**Your goal**
Return the listing exactly as it appears, but strip out the images.
== Segment start ==
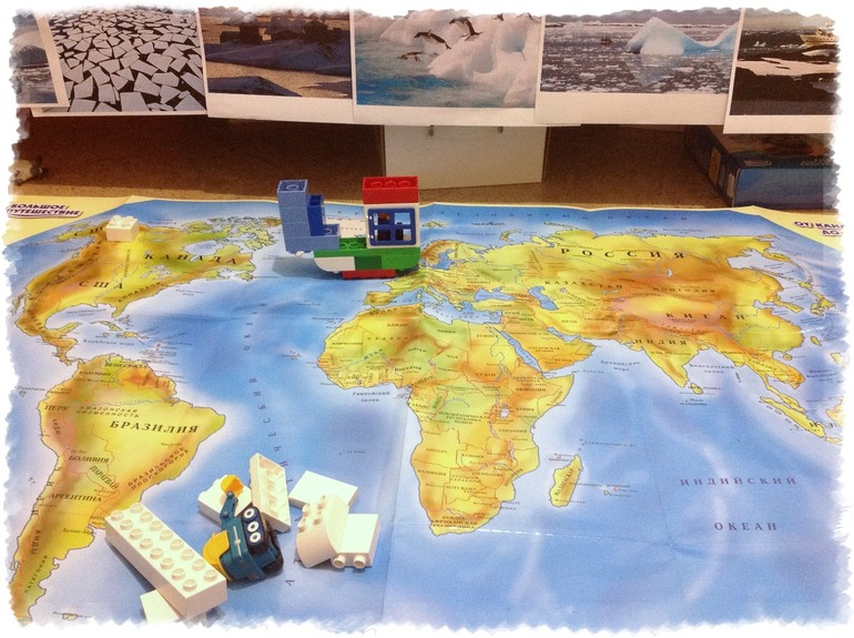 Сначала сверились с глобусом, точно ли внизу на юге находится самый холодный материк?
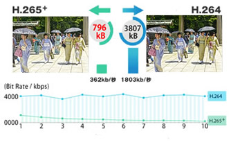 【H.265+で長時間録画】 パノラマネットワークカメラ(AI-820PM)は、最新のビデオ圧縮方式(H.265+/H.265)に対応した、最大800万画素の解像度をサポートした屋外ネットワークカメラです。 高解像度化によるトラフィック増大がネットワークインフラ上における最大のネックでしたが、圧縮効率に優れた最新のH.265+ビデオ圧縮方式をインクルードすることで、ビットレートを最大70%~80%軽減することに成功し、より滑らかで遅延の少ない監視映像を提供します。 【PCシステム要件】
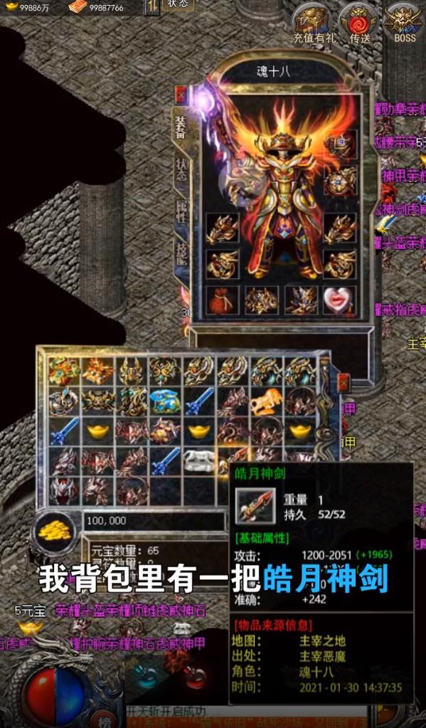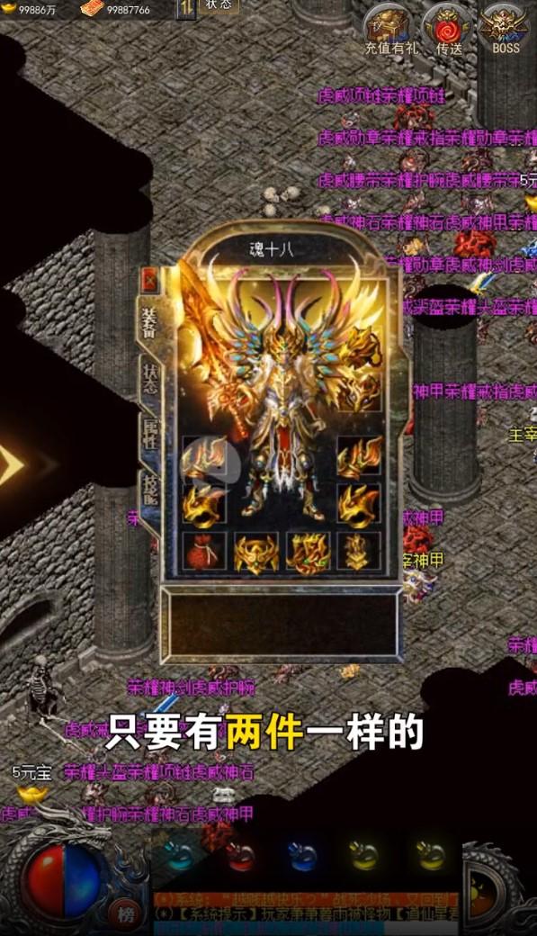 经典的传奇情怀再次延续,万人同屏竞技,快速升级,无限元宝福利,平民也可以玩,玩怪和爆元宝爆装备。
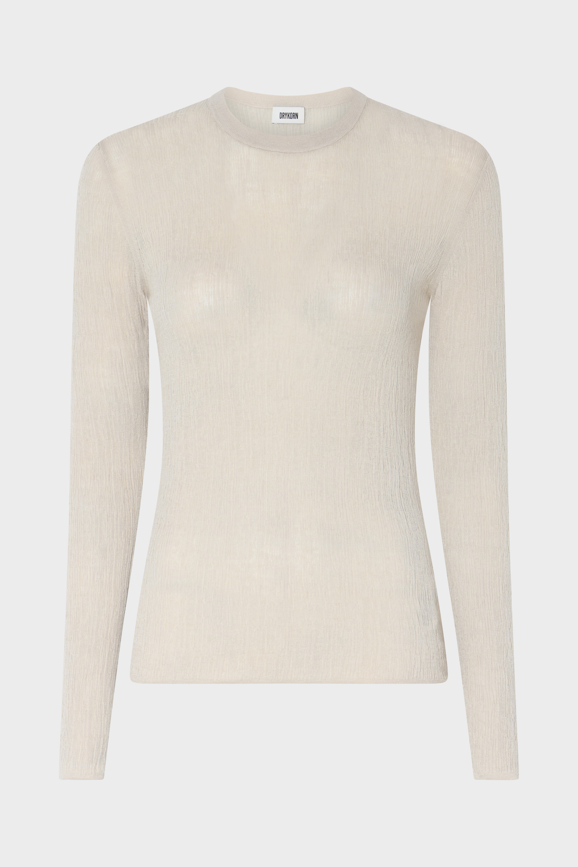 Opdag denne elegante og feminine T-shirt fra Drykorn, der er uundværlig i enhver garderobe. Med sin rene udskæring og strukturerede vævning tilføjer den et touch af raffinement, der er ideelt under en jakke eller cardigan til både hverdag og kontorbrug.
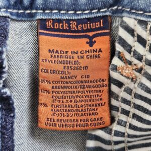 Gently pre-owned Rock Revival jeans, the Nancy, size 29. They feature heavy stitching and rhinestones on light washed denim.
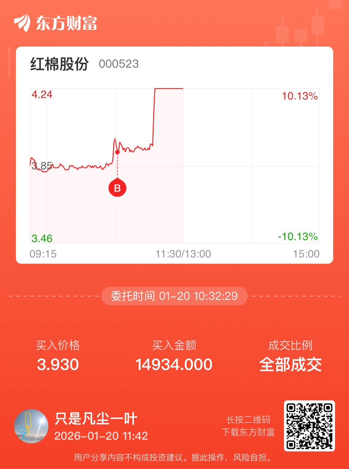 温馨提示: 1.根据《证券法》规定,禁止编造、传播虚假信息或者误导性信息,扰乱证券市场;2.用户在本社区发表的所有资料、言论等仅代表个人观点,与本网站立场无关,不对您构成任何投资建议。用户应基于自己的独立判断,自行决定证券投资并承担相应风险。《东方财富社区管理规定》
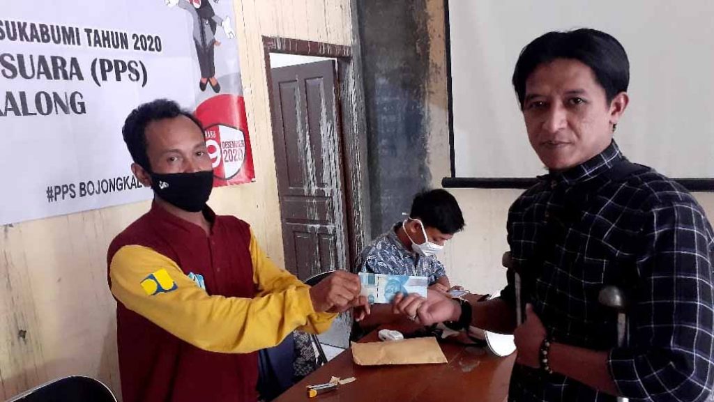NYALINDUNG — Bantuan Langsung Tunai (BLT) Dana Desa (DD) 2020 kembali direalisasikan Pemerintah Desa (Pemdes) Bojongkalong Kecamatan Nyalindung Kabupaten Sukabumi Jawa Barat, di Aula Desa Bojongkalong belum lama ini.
== Segment end ==
**Reply to the exercise**
 Сначала сверились с глобусом, точно ли внизу на юге находится самый холодный материк?
 【H.265+で長時間録画】 パノラマネットワークカメラ(AI-820PM)は、最新のビデオ圧縮方式(H.265+/H.265)に対応した、最大800万画素の解像度をサポートした屋外ネットワークカメラです。 高解像度化によるトラフィック増大がネットワークインフラ上における最大のネックでしたが、圧縮効率に優れた最新のH.265+ビデオ圧縮方式をインクルードすることで、ビットレートを最大70%~80%軽減することに成功し、より滑らかで遅延の少ない監視映像を提供します。 【PCシステム要件】
 经典的传奇情怀再次延续,万人同屏竞技,快速升级,无限元宝福利,平民也可以玩,玩怪和爆元宝爆装备。
 Opdag denne elegante og feminine T-shirt fra Drykorn, der er uundværlig i enhver garderobe. Med sin rene udskæring og strukturerede vævning tilføjer den et touch af raffinement, der er ideelt under en jakke eller cardigan til både hverdag og kontorbrug.
 Gently pre-owned Rock Revival jeans, the Nancy, size 29. They feature heavy stitching and rhinestones on light washed denim.
 温馨提示: 1.根据《证券法》规定,禁止编造、传播虚假信息或者误导性信息,扰乱证券市场;2.用户在本社区发表的所有资料、言论等仅代表个人观点,与本网站立场无关,不对您构成任何投资建议。用户应基于自己的独立判断,自行决定证券投资并承担相应风险。《东方财富社区管理规定》
NYALINDUNG — Bantuan Langsung Tunai (BLT) Dana Desa (DD) 2020 kembali direalisasikan Pemerintah Desa (Pemdes) Bojongkalong Kecamatan Nyalindung Kabupaten Sukabumi Jawa Barat, di Aula Desa Bojongkalong belum lama ini.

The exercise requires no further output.